▶ _What you have to do_: Copy exactly, and only, the lines between the start of the entries below and the line containing "Figura 3. Figura", both inclusive. Omit pictures.

Content starts

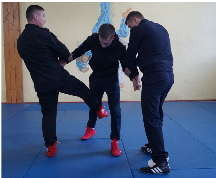
Фото № 8

Оба сотрудника захватывают предплечья задерживаемого с обеих сторон, разводят руки в стороны. Один из сотрудников наносит расслабляющий удар голенью по бедру правонарушителя изнутри и одновременно с напарником выполняет скручивание рук внутрь (фото № 8). После чего они переходят на загиб рук за спину (фото № 9).
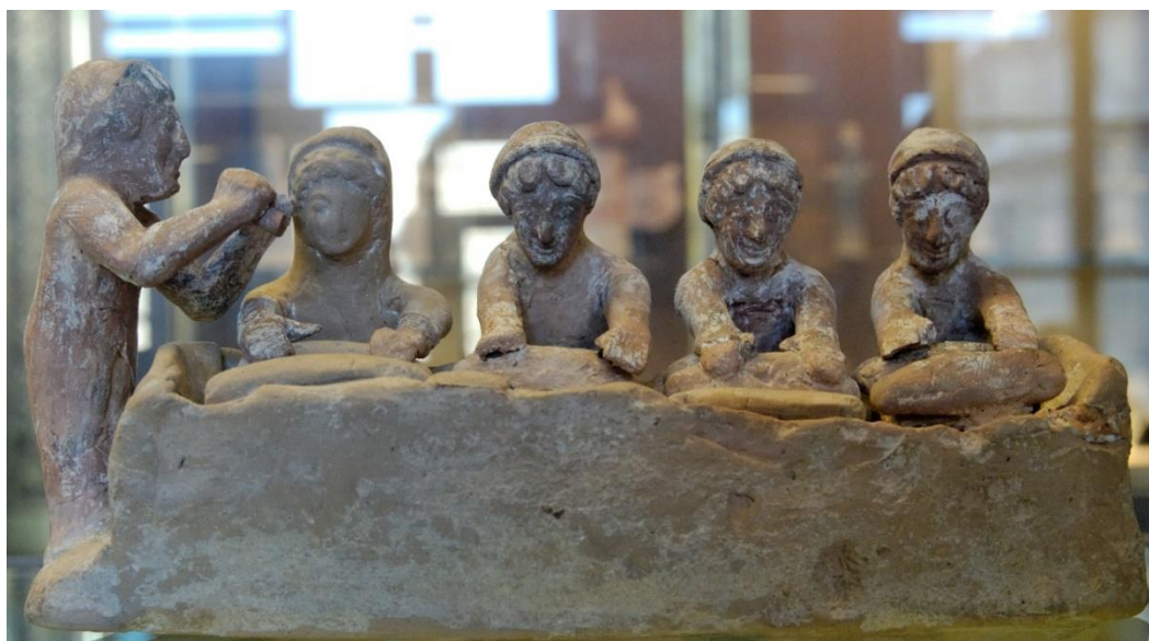
Figura 3. Figura de Tanagra datada del 525-475 a. C. Museo del Louvre.

-Que el trabajo de amasado y horneado era una tarea femenina, a veces grupal, se ve reflejado en otra imagen en la que cuatro mujeres con diferentes peinados amasan en una mesa mientras una quinta toca el aulós (n.º de inventario CA 804). Procede de Tanagra (Beocia), está datada hacia el 500 a. C. y custodiada en el Museo del Louvre (Fig. 3). Aunque estas imágenes no especifican si se trata de fabricación de pan para consumo propio o para la venta, la proliferación de este tipo de imágenes, así como de las inscripciones que se refieren a vendedoras de pan de manera concreta como la mencionada, nos permite afirmar que era un trabajo remunerado realizado en múltiples ocasiones por mujeres y vinculado a la esfera pública como una actividad comercial más. Es decir, si cotejamos las fuentes visuales y las escritas donde se nos habla de las vendedoras de pan con la gran proliferación de mujeres que fabricaban pan, podemos afirmar que este era un trabajo habitual remunerado realizado por mujeres.
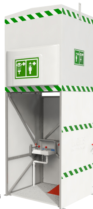
Naobrázku volitelným sklolaminátovými panely a oční sprchou

Integrovaný ponorný ohřivač a silná polyuretanová izolace udržují teplotu vody v horní nádrži v rozmezí 15 až 38 °C (59 až 100 °F). Při této vlažné teplotě může zraněný zůstat pod sprchou doporučených 15 minut, aby se důkladně dekontaminoval.
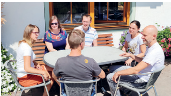
Zeit zum Austausch

Content ends

▶ _Answer for this exercise_:
Фото № 8

Оба сотрудника захватывают предплечья задерживаемого с обеих сторон, разводят руки в стороны. Один из сотрудников наносит расслабляющий удар голенью по бедру правонарушителя изнутри и одновременно с напарником выполняет скручивание рук внутрь (фото № 8). После чего они переходят на загиб рук за спину (фото № 9).
Figura 3. Figura de Tanagra datada del 525-475 a. C. Museo del Louvre.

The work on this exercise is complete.